[REQUIREMENT]: Your task is to return, word for word, only the lines from the line with "있는 \ (백슬래시)입니다" through the close of the data. Exclude all pictures.

---------- GIVEN INFORMATION ----------

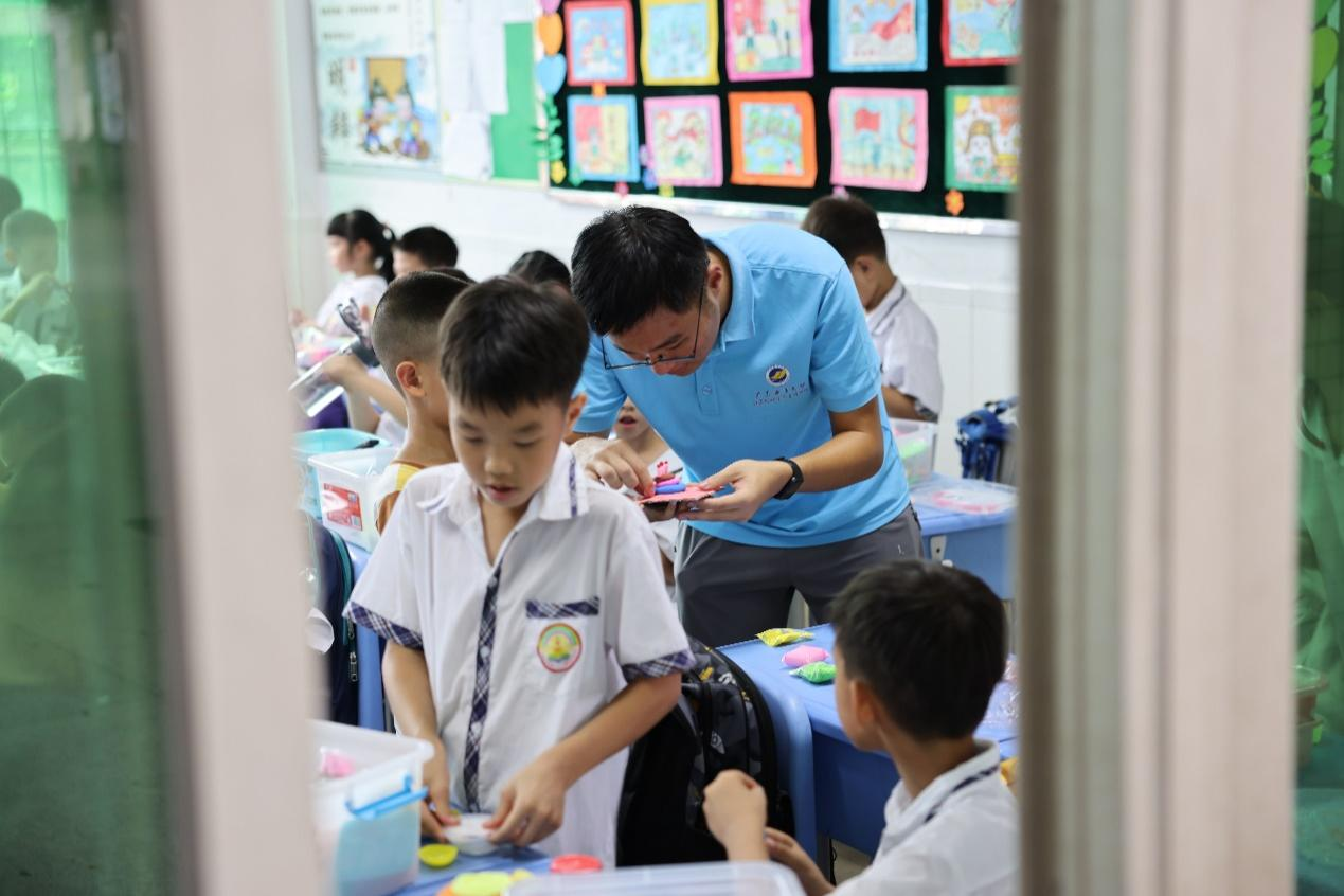 参加活动的学生对应辅导低年级超轻黏土、中年级插花、高年级水果拼盘三个活动项目。期间,同学们费尽心思帮助孩子们不断改进手工作品,温声细语地陪伴他们。最后阳江市实验小学林校长用自己获评阳江市劳模的经历鼓舞着我们要为中国的新征程继续拼搏奋斗。
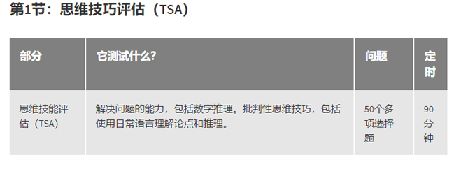 TSA考试分为两部分,第一部分是选择题考思维技巧评估,分为25道Problem Solving题目和25道Critical Thinking题目;第二部分是写作。
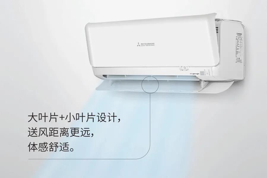 三菱重工空调在出风口采用大叶片+小叶片的双层叶片设计,在风量不变的情况下,合理引导气流,大幅降低“呼啸”声,并且送风更远,使凉风可以充盈整个房间。
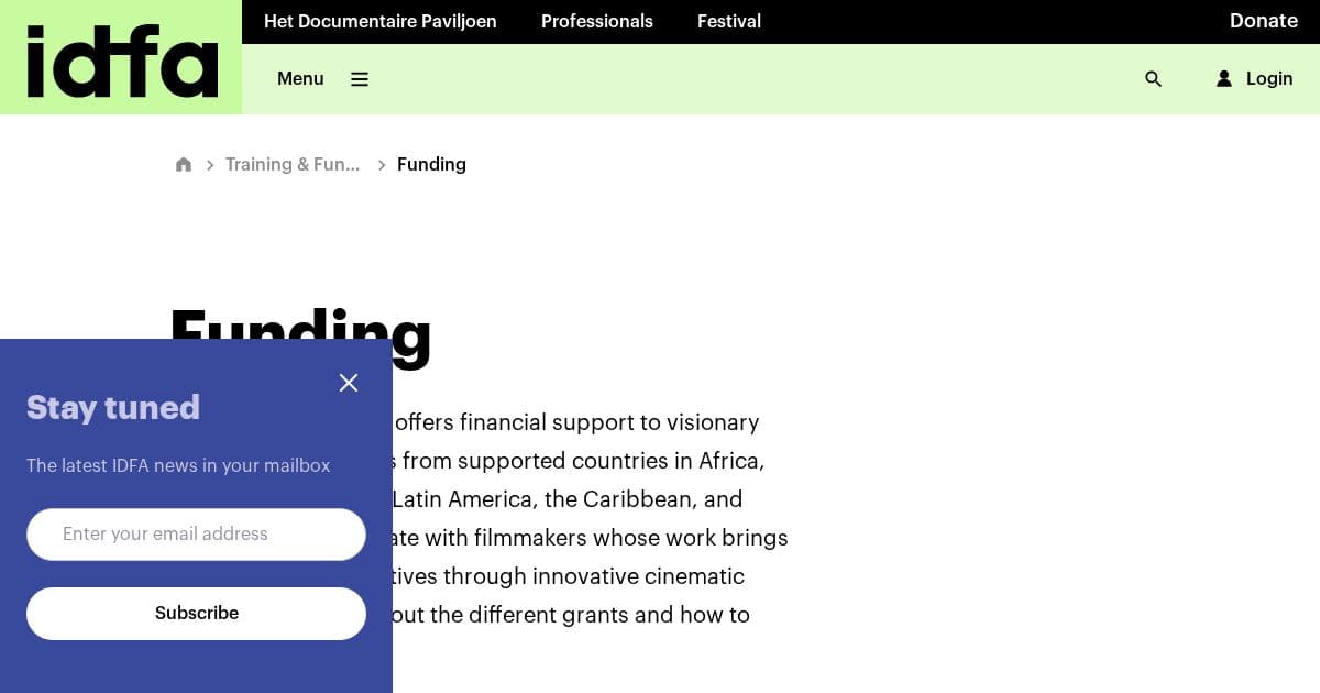 The IDFA Bertha Fund is run by IDFA — the International Documentary Film Festival Amsterdam, the world's largest documentary festival. It is the only fund in the world dedicated solely to stimulating documentary filmmaking in Africa, Asia, Eastern Europe, Latin America, the Caribbean, and Oceania. Funded by the Bertha Foundation (UK-based philanthropic organisation), it was established in 1996 and has been one of the most important documentary funding mechanisms for African filmmakers for nearly 30 years. IBF-backed films have been shortlisted for the Oscars and BAFTA and have premiered at Cannes, IDFA, Berlin, and major festivals worldwide. African filmmakers apply directly — no European partner required for the Classic grant.
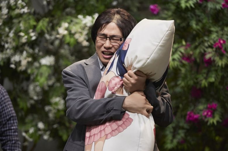 공개된 스틸에는 퍼플 컬러의 가발과 컬러 렌즈, 반짝이는 메이크업을 뽐내는 비주얼 아이돌로 변신한 안재홍이 길거리 팬미팅을 여는 모습부터, 드라마 '마스크걸' 속 '주오남'을 셀프 패러디한 파격적인 장면까지 담겨 있다. 특히 탈모 가발을 쓰고 만화 캐릭터가 프린트된 대형 쿠션을 애지중지하는 '오타쿠' 캐릭터로의 메소드 연기는 이번 7화의 웃음 수위를 기대하게 만든다.
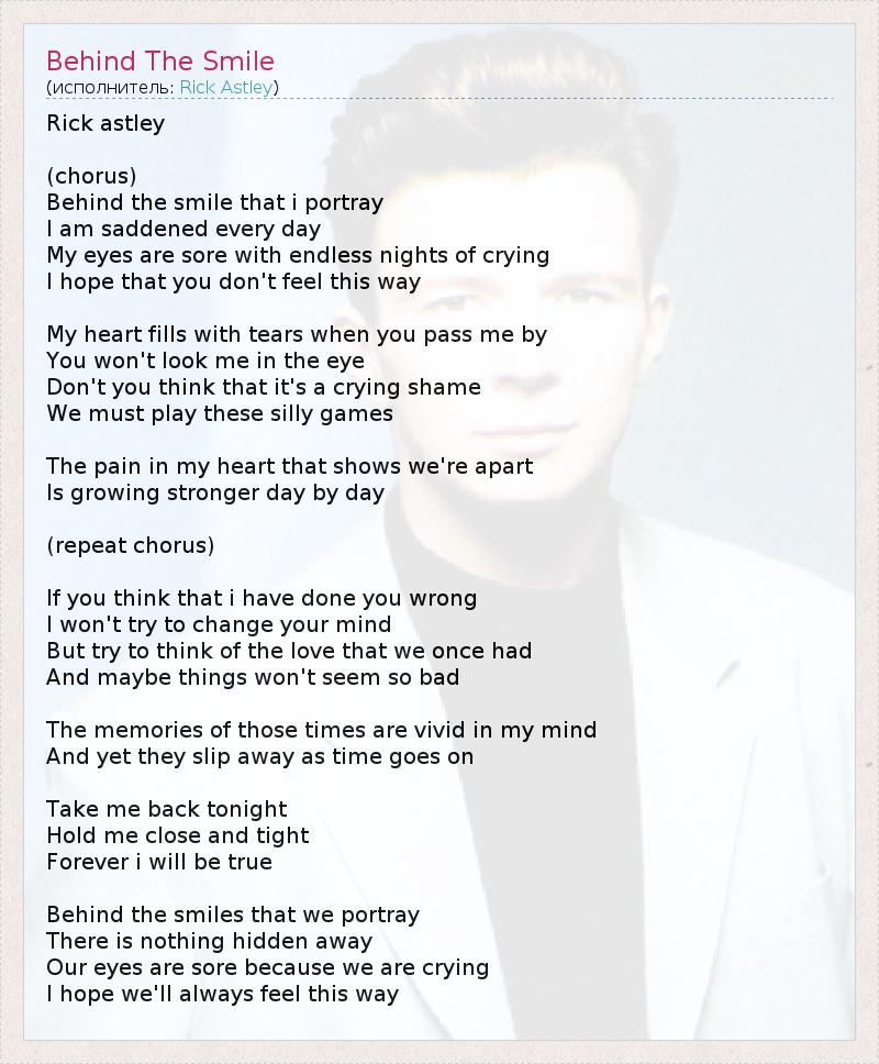 Rick astley (chorus) Behind the smile that i portray I am saddened every day My eyes are sore with endless nights of crying I hope that you don't feel this way My heart fills with tears when you pass me by You won't look me in the eye Don't you think that it's a crying shame We must play these silly games The pain in my heart that shows we're apart Is growing stronger day by day (repeat chorus) If you think that i have done you wrong I won't try to change your mind But try to think of the love that we once had And maybe things won't seem so bad The memories of those times are vivid in my mind And yet they slip away as time goes on Take me back tonight Hold me close and tight Forever i will be true Behind the smiles that we portray There is nothing hidden away Our eyes are sore because we are crying I hope we'll always feel this way
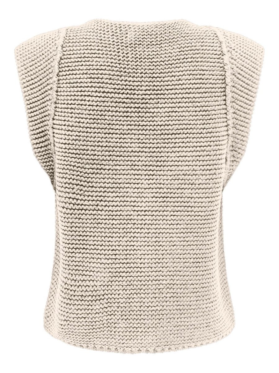 De beige Only Loui gebreide gilet zal een stijlvolle toevoeging zijn aan je garderobe. Dit mouwloze gilet is gemaakt van hoogwaardig, zacht materiaal van 100% acryl en is perfect voor elk seizoen. De subtiele beige kleur is eenvoudig te combineren en geeft een elegante touch aan elke outfit. Het gebreide patroon geeft het gilet een gezellige, maar toch trendy uitstraling. Draag het over een blouse voor een formele look of over een basic t-shirt voor een meer casual stijl. Bestel nu deze must-have gilet van het populaire merk Only bij NummerZestien en geef je outfit een fashionable touch!
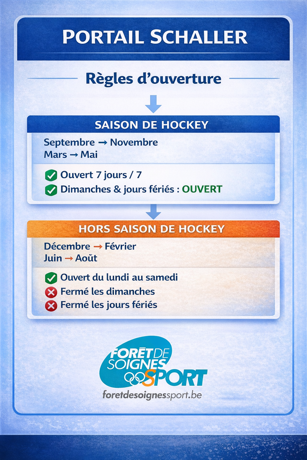 - Hors saison de hockey : Le portail est ouvert en semaine, mais sera fermé les dimanches et jours fériés.
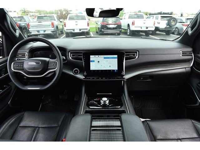 CARFAX One-Owner. Clean CARFAX. Diamond Black Crystal Pearlcoat 2024 Jeep Wagoneer Series II 4WD 8-Speed Automatic 3.0L I6 Motortrend Certified Vehicle, One Owner Accident Free CARFAX, Heated Steering Wheel, AWD/ 4x4, Navigation System, Apple Carplay/ Android Auto, Remote Start, 10 Speakers, 118 MPH Maximum Speed Calibration, 3.55 Rear Axle Ratio, 3rd row seats: bench, 4-Wheel Disc Brakes, 8-Passenger Seating, ABS brakes, Adjustable pedals, Air Conditioning, Alloy wheels, AM/FM radio: SiriusXM with 360L, Anti-whiplash front head restraints, Apple CarPlay/Android Auto, Audio memory, Auto-dimming door mirrors, Auto-dimming Rear-View mirror, Auto-leveling suspension, Automatic temperature control, Brake assist, Bumpers: body-color, Compass, Delay-off headlights, Driver door bin, Driver vanity mirror, Driver's Seat Mounted Armrest, Dual front impact airbags, Dual front side impact airbags, Electronic Stability Control, Emergency communication system: Wagoneer Connect, Exterior Parking Camera Rear, Four wheel independent suspension, Front anti-roll bar, Front Bucket Seats, Front Center Armrest w/Storage, Front dual zone A/C, Front fog lights, Front reading lights, Fully automatic headlights, Garage door transmitter, Genuine wood console insert, Genuine wood dashboard insert, Genuine wood door panel insert, Heated door mirrors, Heated front seats, Heated rear seats, Heated steering wheel, Illuminated entry, Knee airbag, Leather Trimmed Bucket Seats, Low tire pressure warning, Memory seat, Navigation System, Normal Duty Suspension, Occupant sensing airbag, Outside temperature display, Overhead airbag, Overhead console, Panic alarm, Passenger door bin, Passenger seat mounted armrest, Passenger vanity mirror, Pedal memory, Power adjustable front head restraints, Power door mirrors, Power driver seat, Power Liftgate, Power passenger seat, Power steering, Power windows, Quick Order Package 25J, Radio data system, Radio: Uconnect 5 Nav w/10.1" Display, Rain sensing wipers, Rear air conditioning, Rear anti-roll bar, Rear dual zone A/C, Rear reading lights, Rear seat center armrest, Rear window defroster, Rear window wiper, Reclining 3rd row seat, Remote keyless entry, Security system, Speed control, Speed-sensing steering, Speed-Sensitive Wipers, Split folding rear seat, Steering wheel memory, Steering wheel mounted audio controls, Tachometer, Telescoping steering wheel, Tilt steering wheel, Traction control, Trip computer, Turn signal indicator mirrors, Variably intermittent wipers, Ventilated front seats, Voltmeter, Wheels: 20" x 9.0" Premium 2 Aluminum.
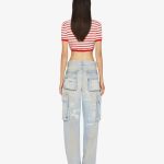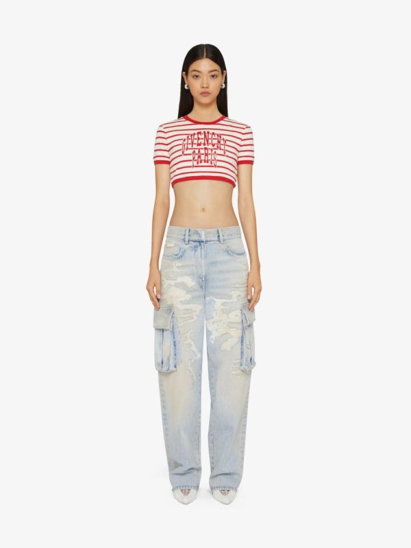 GIVENCHY Paris Cropped T-shirt In Cotton With Stripes White/red | Women Givenchy T-Shirts
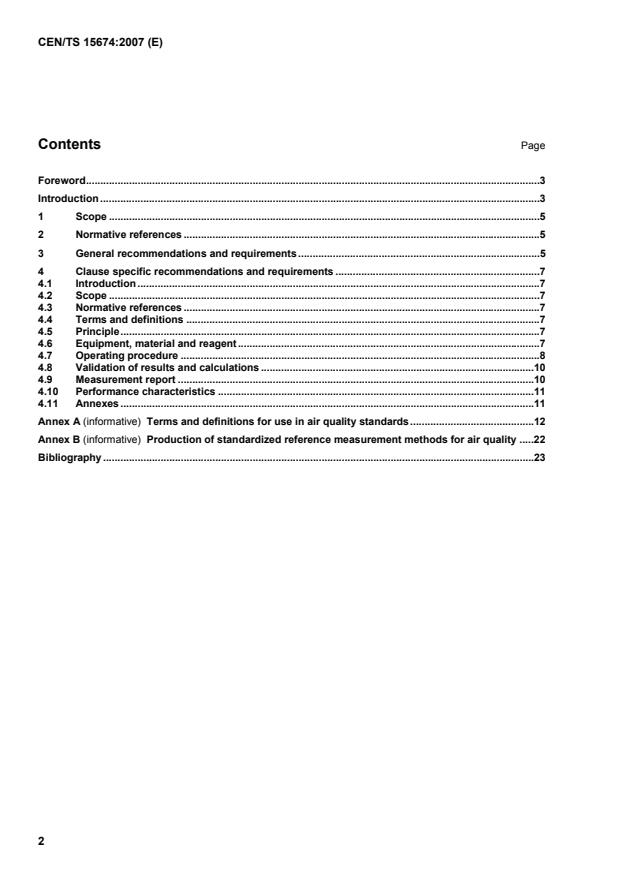 CEN/TS 15674:2007 is a technical specification published by the European Committee for Standardization (CEN). Its full title is "Air quality - Measurement of stationary source emissions - Guidelines for the elaboration of standardised methods". This standard covers: This document gives recommendations and specifies requirements for the elaboration of standardised reference methods of measurement for the field of stationary source emissions by CEN/TC 264, with or without reference to accreditation. It aims at facilitating in the working groups the elaboration and the harmonisation of the standards produced by CEN/TC 264. This document aims at ensuring that the specific requirements specified in CEN/TS 15675 are taken on board in the individual measurement standards either directly or by reference to EN 15259. This document specifies terms and definitions for use in other air quality standards. This document elaborates the CEN rules as given in CEN/BOSS and in the Internal Regulations Part 3 (PNE rules) in the field of stationary source emissions.
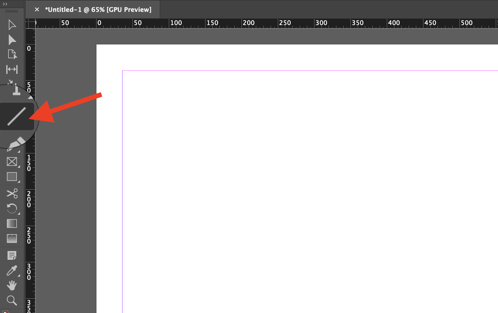 ▼ 인디자인에서 직선을 그리기 위해서는 왼쪽에 있는 Line Tool (라인 툴)을 선택해줍니다. 단축키는 엔터키 위에 있는 \ (백슬래시)입니다
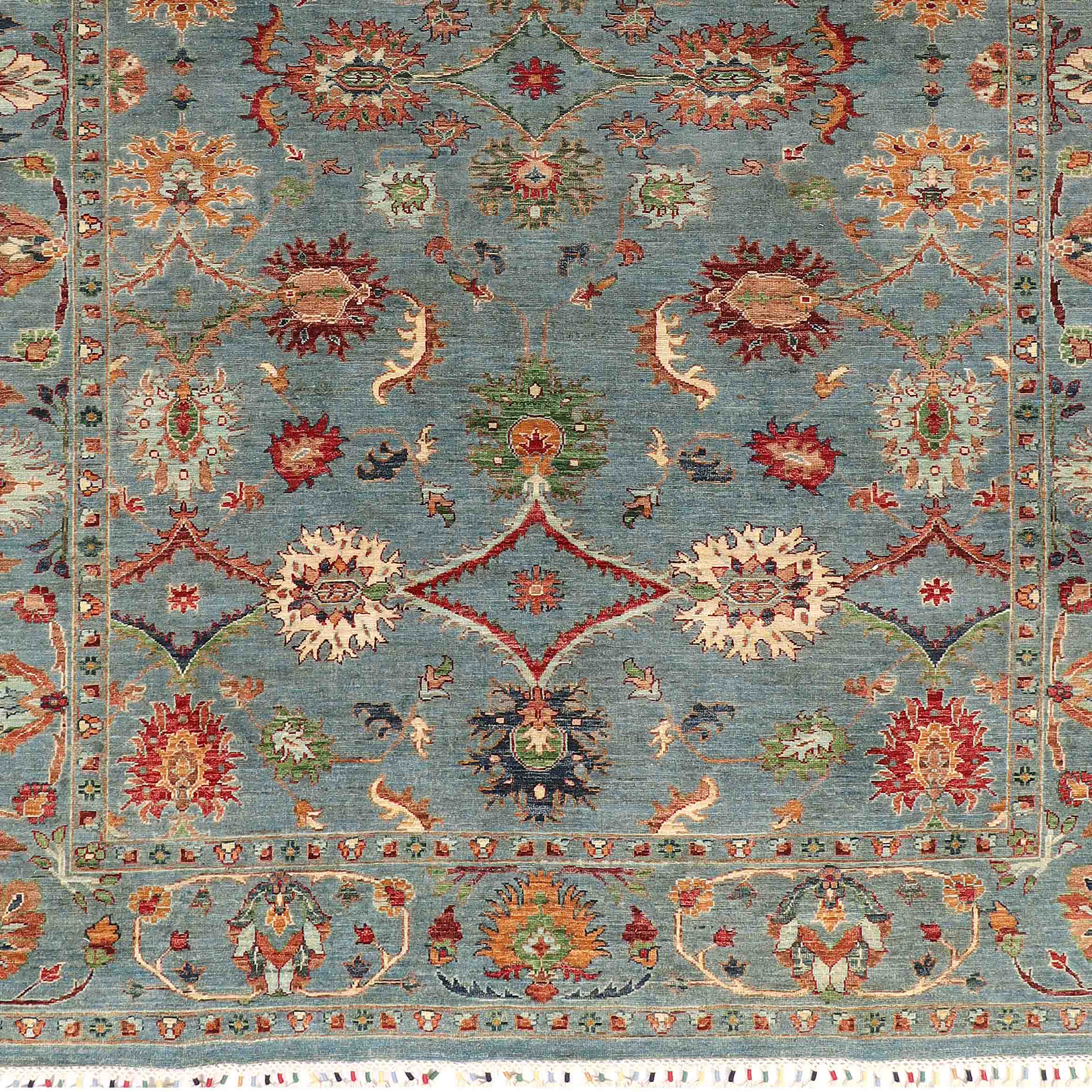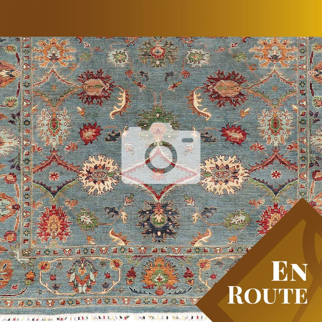 You can buy this handmade carpet before it arrives in our Tewkesbury showroom. The rug has not yet been received into our stock at Tewkesbury and has yet to be photographed at the showroom. The images may not be as good as our normal images, but they are photographs of the finished rug. Once the carpet has been transferred from our warehouse, we will rephotograph it.

----------

[RESULT FOR THIS EXERCISE]:
 ▼ 인디자인에서 직선을 그리기 위해서는 왼쪽에 있는 Line Tool (라인 툴)을 선택해줍니다. 단축키는 엔터키 위에 있는 \ (백슬래시)입니다
 You can buy this handmade carpet before it arrives in our Tewkesbury showroom. The rug has not yet been received into our stock at Tewkesbury and has yet to be photographed at the showroom. The images may not be as good as our normal images, but they are photographs of the finished rug. Once the carpet has been transferred from our warehouse, we will rephotograph it.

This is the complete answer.